Tuesday, October 29, 2013

1987 - Jim Lee's Correspondence With Marvel Comics

A few rejection letters and finally his first assignment and his reply. All of these were shared by Jim Lee on his Instagram page.






1 comment:

  1. I didn't comment on this earlier in the week, but what a find! This is one of the coolest, most interesting things I've ever seen on your blog (and that's entirely a compliment on how awesome this post is, since the overall quality of the blog is top-notch). When you consider how big of a star Jim Lee became not too long after this, it's absolutely insane to think that he was getting this kind of criticism. Great reads, all, though! I only wish we could see the accompanying work (especially the hands; he really seems to have had a problem with hands).

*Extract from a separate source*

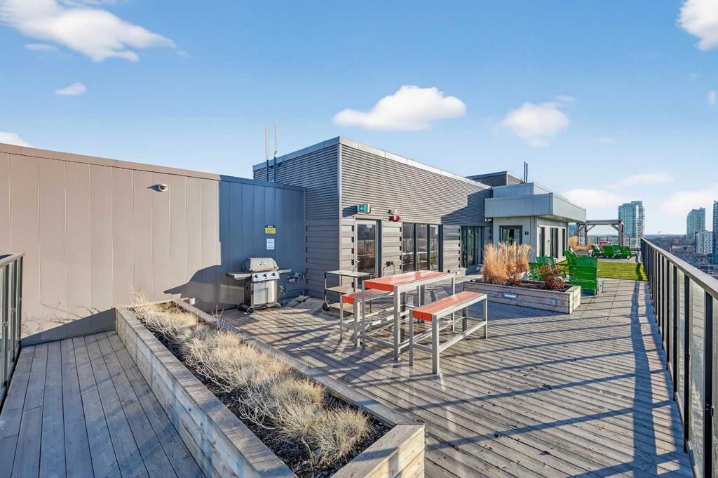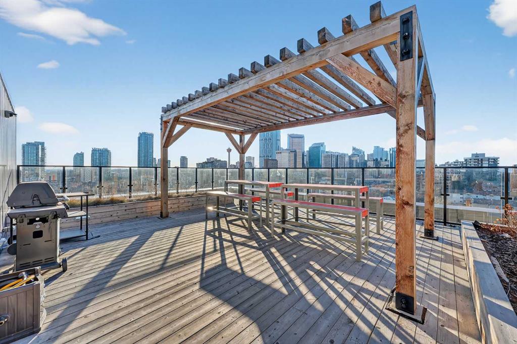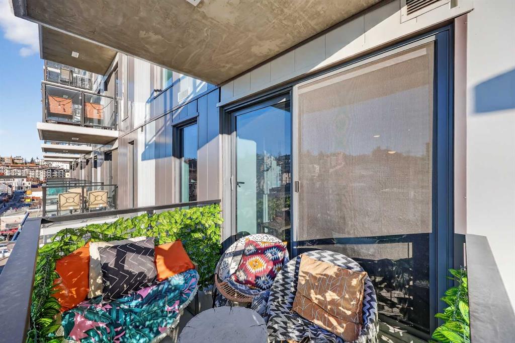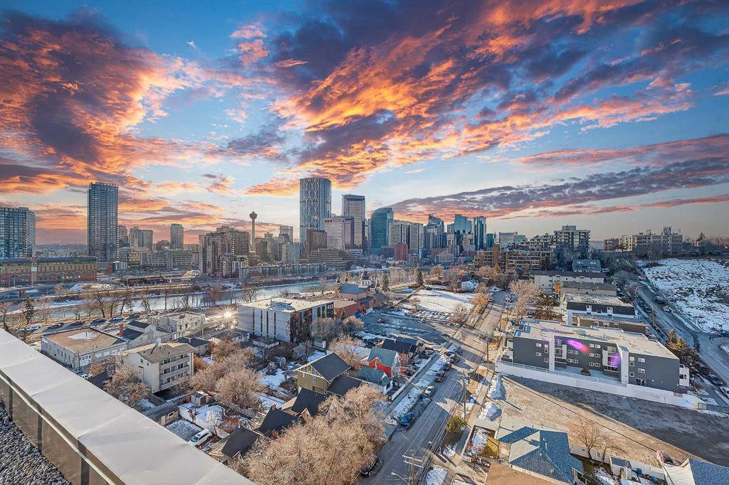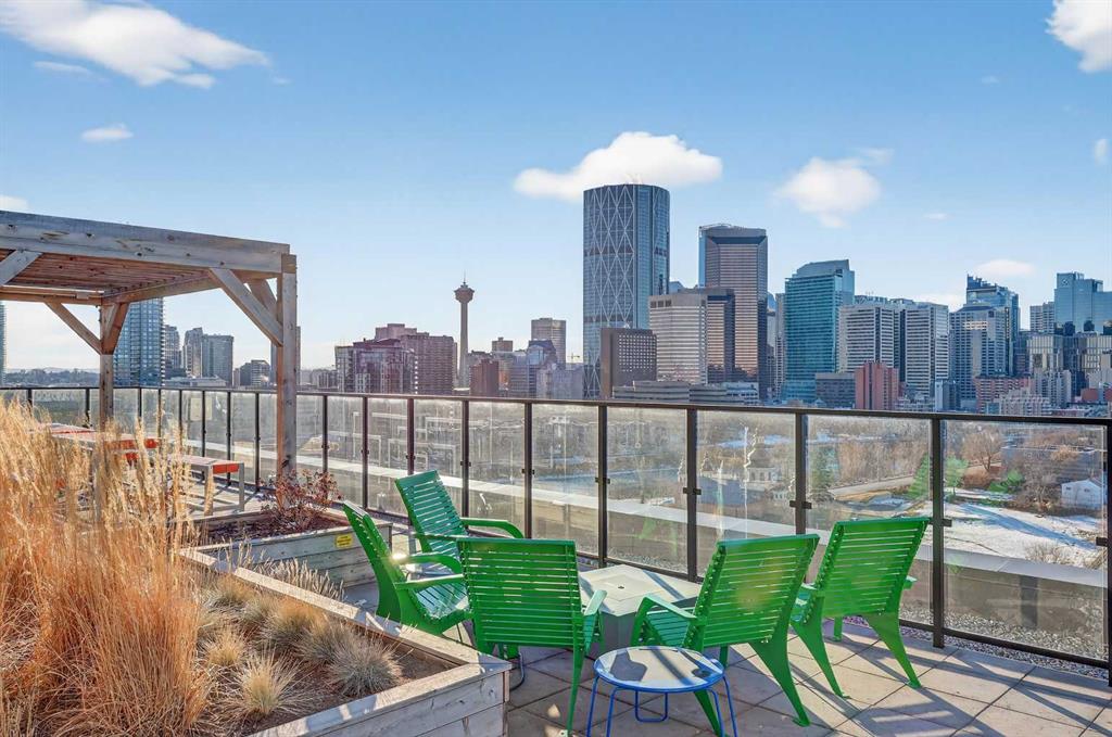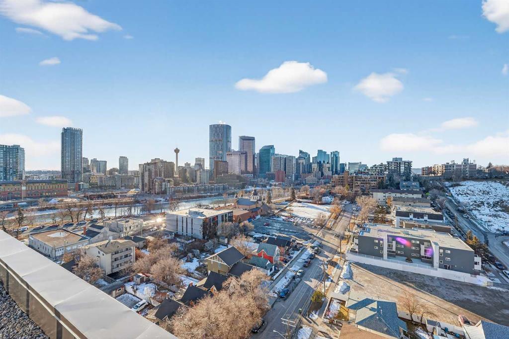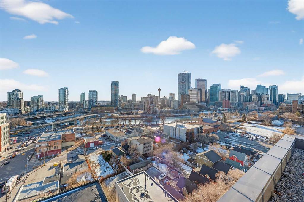 Welcome to ERA by Minto, a modern and AirBnB-friendly building ideally situated between Bridgeland and Crescent Heights. Flooded with natural light, the open-concept design effortlessly unites the sleek kitchen, dining, and living areas and flows onto your private balcony—perfect for morning coffee or evening unwinding. The gourmet kitchen shines with quartz countertops, stainless-steel appliances, a large central island, and designer cabinetry—ready for both daily living and entertaining. Durable vinyl plank flooring, in-suite laundry, and air conditioning ensure year-round comfort, while a titled underground parking stall and dedicated storage locker offer added convenience. Era’s LEED-inspired construction and cutting-edge smart technology elevate your lifestyle with facial-recognition access, one-way video calling, integrated package lockers, community messaging, and a virtual concierge system. Step up to the rooftop patio to enjoy panoramic skyline views, cozy fire pits, BBQ stations, and indoor workspaces—ideal for gatherings or remote work. View of the Bow River, Bridgeland LRT station, river pathways, parks, upbeat restaurants, boutique shops, Calgary Tower and downtown Calgary, this exceptional residence embodies the best of inner-city living. This is your your chance to call Era home—schedule your private tour today!

    Intriguingly, some of the comments still apply. Particularly, "your figures tend to be stiff, and unrealistic" from the third letter down. I don't know about "unrealistic;" all comic book art is "unrealistic" to some extent. But "stiff;" man alive. He still falls into the "posing" of characters for one- and two-page spreads, where they look very stiff, as if there is no action going on, but rather that they are just standing for panels. The one and only New-52 thing I own (it was a gift from a friend who's a DC-zombie, for ol' Marvel-zombie me) is the first arc of Justice League. And every single character who's introduced, he's posed in very stiff, very non-fluid ways - as if they're posing for a picture.

    All that being said, he's a wonderful artist. And his designs of the X-Men, which were reflected in the 1990s cartoon, he has forever-shaped "my" version of the X-Men.